It was clear enough how the speed of the flywheel had to be regulated. In the pipe carrying steam from the boiler to the piston there was a throttle valve. The pressure in the piston, and so the speed of the wheel, could be adjusted by turning this valve. To keep engine speed uniform, the throttle valve would have to be turned, at just the right time and by just the right amount, to cope with changes in boiler pressure and workload. How was this to be done?
An obvious-to-us approach would be to break down the task into a number of subproblems. We might think of a device capable of solving this problem as implementing the following algorithm:
Measure the speed of the flywheel.
Compare the actual speed against the desired speed.
If there is no discrepancy, return to step 1. Otherwise, a. measure the current steam pressure; b. calculate the desired alteration in steam pressure; c. calculate the necessary throttle valve adjustment.
Make the throttle valve adjustment. Return to step 1.

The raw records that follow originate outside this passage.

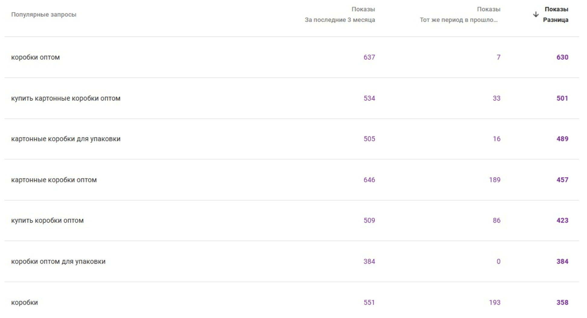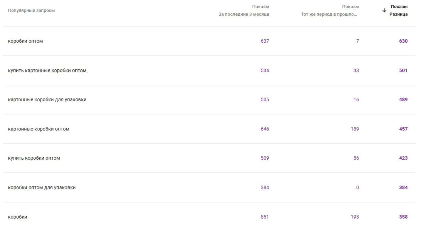 Пример роста показов в Google за счет работы со ссылками и анкорами по кластеру “коробки”:
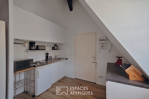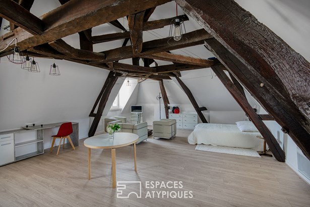 The vast main room is organized into several living spaces, cleverly delineated without partitions: a cozy living room under the exposed beams, a sleeping area full of softness, an inspiring office area, and a discreetly integrated fitted kitchen under the slopes, functional and bright. The separate shower room perfectly completes the ensemble, combining simplicity and practicality.
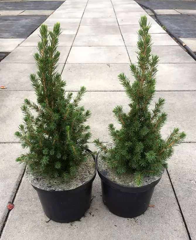 Наскільки близько можна посадити ялину «Коніка» від тротуару, щоб її коріння не підняли тротуарні плитки в майбутньому? Ялина Conica – досить повільно ростуче хвойне дерево з не дуже обширною кореневою системою. Однак через 20 років вона може вирости до висоти 2 метри. Для кореневого блоку ялини достатньо місця 50-80 см – на такій відстані можна посадити дерево від тротуару.
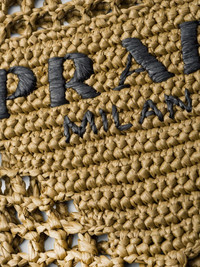 triangle-logo raffia tote bag Prada puts its contemporary spin on the classic top handle tote bag. Intricately woven to highlight the triangle shape synonymous with the fashion house, this is a simple bag that has been crafted with intent. Highlights - Green - Raffia - Triangle logo - Open top - Two top handles - Main compartment Composition Raffia 100% Outer: Raffia 100% SIZE & FIT Measurement DEPTH 1.18 in(3 cm) HANDLE 7.48 in(19 cm) HEIGHT 14.17 in(36 cm) WIDTH 14.17 in(36 cm)
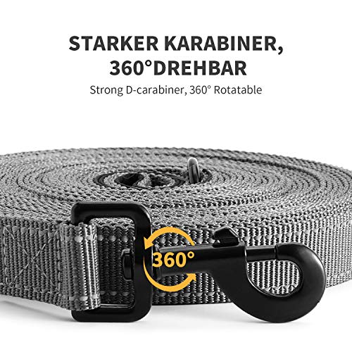 ★ Flexibele D-vormige karabijnhaak, comfortabele handgreep: de robuuste karabijnhaak in D-vorm bestaat uit een hoogwaardige zinklegering en de sleeplijn van 10 m voor honden kan zich tijdens veldtraining en lopen flexibel draaien. Het handvat van de lange hondenriem is bekleed met neopreen materiaal, dat comfortabel en zacht is, en je kunt je hond comfortabel controleren.
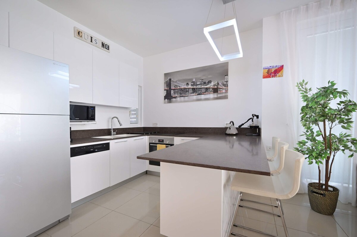Oferecemos vários apartamentos idênticos no prédio! Localizado em um novo projeto residencial, a poucos passos da praia e do famoso calçadão TLV. Saia do prédio para qual é a melhor localização de Israel! O apartamento tem vista para o mar de quase todas as janelas. Existem 2 quartos espaçosos, armários, chuveiro de pé, banheira de tamanho completo, sala de estar mimos com smart TV, cozinha totalmente equipada, máquina de lavar louça, Nespresso, área de jantar, AC, máquina de lavar roupa, secadora e muito mais! Estacionamento incluso!
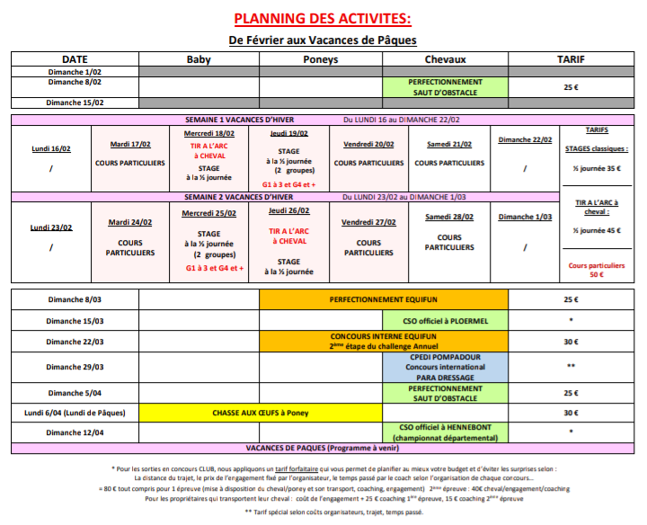 PLANNING DES ACTIVITES hors forfaits 2025-2026
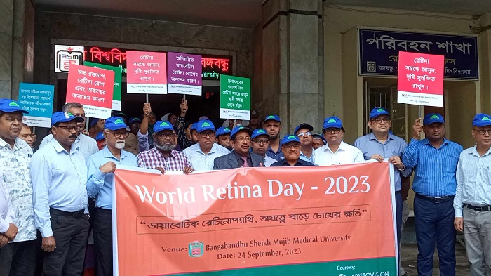 নিজস্ব প্রতিবেদকঃ বঙ্গবন্ধু শেখ মুজিব মেডিক্যাল বিশ্ববিদ্যালয়ের (বিএসএমএমইউ) চক্ষু বিজ্ঞান বিভাগ ও বাংলাদেশ ভিট্রিওরেটিনা সোসাইটির যৌথ উদ্যোগে “ডায়াবেটিক রেটিনোপ্যাথি, অযতেœ বাড়ে চোখের ক্ষতি” প্রতিপাদ্য নিয়ে বিশ্ব রেটিনা দিবস ২০২৩ পালিত হয়েছে।
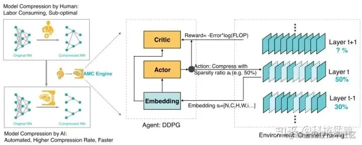 2 再使用AMC为给定的硬件,在给定的条件下搜索最适宜剪枝的策略,以保持高精度。
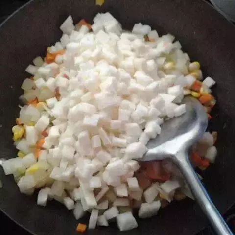 翻炒至出红油后,再放入一匙生抽,料酒翻炒片刻。(如豆瓣酱放的多,也可免放生抽,不然会太咸)
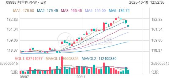 期权成交量最高的阿里巴巴午间走低,日线四连跌,区间跌幅达10%。消息面上,小摩发布研报指出,阿里即将公布截至9月底的财季业绩,预测收入将按年增长5%,经调整盈利料按年跌70%至110亿元人民币,云业务收入按年增幅料加快至30%,而客户管理收入按年增幅维持于10%以上。
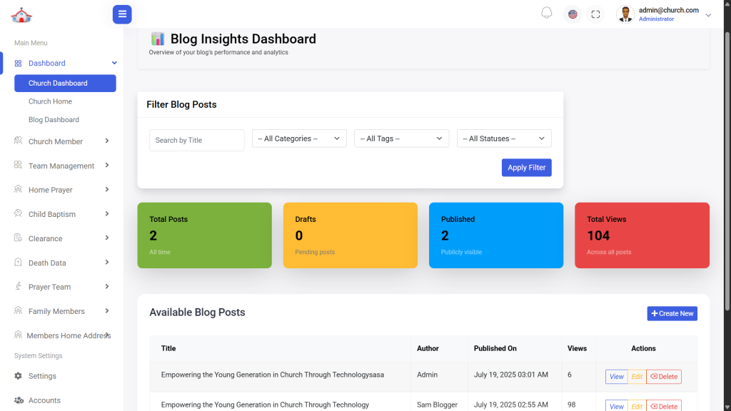 I built a full-featured Church Management System using ASP.NET Core MVC to replace manual, paper-based processes with an intuitive, secure web application.
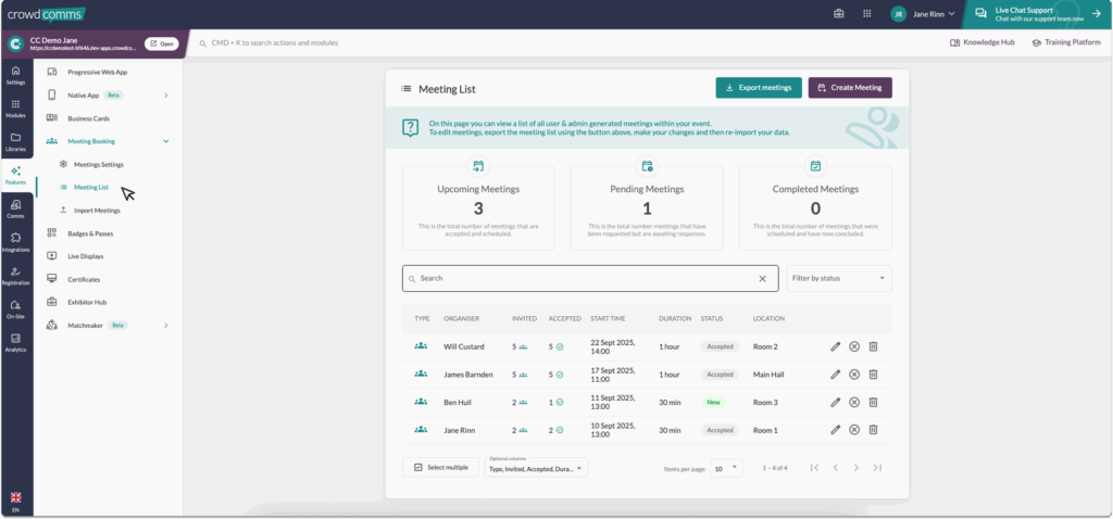 The Meeting List View Page provides event organisers with a centralised interface to manage and track all meeting activities efficiently. From this page, users can quickly create new meetings, cancel, edit or delete existing ones, and use filtering options to easily locate specific meetings. A dedicated stats panel offers at-a-glance insights into total upcoming meetings, pending requests, and completed sessions, ensuring users maintain full visibility and control over their scheduling workflow.
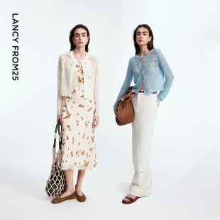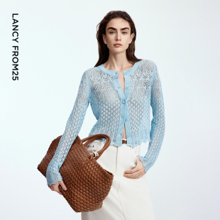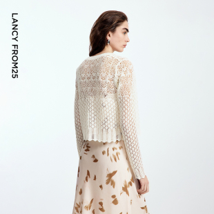 高级感气质通勤修身 新款 外搭长袖 2025年秋季 罩衫 朗姿镂空针织开衫
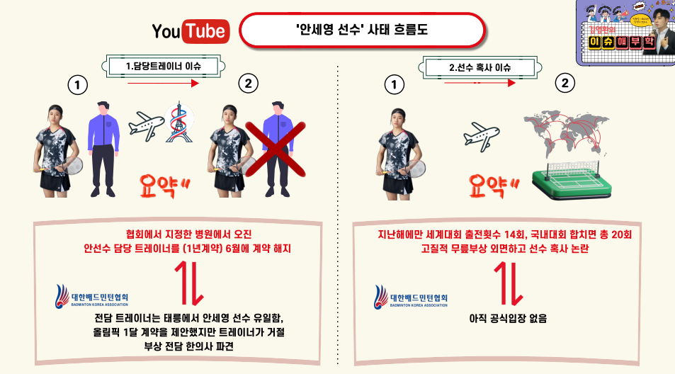 이때 이제 협회에서 말하기는 전담 트레이너는 태릉에서 안세영 선수만 유일했고 올림픽 한 달 개학을 제안했지만 트레이너가 거절했다.

There must be some physical device capable of actually carrying out each of these subtasks, and so we can think of the governor as incorporating a tachometer (for measuring the speed of the wheel); a device for calculating the speed discrepancy; a steam pressure meter; a device for calculating the throttle valve adjustment; a throttle valve adjuster; and some kind of central executive to handle sequencing of operations.
Let’s call this approach the computational governor. As obvious this approach might seem, it was not the way by which the problem was actually solved. After all, they didn’t have computers back then. Instead, what they came up with was a centrifugal governor.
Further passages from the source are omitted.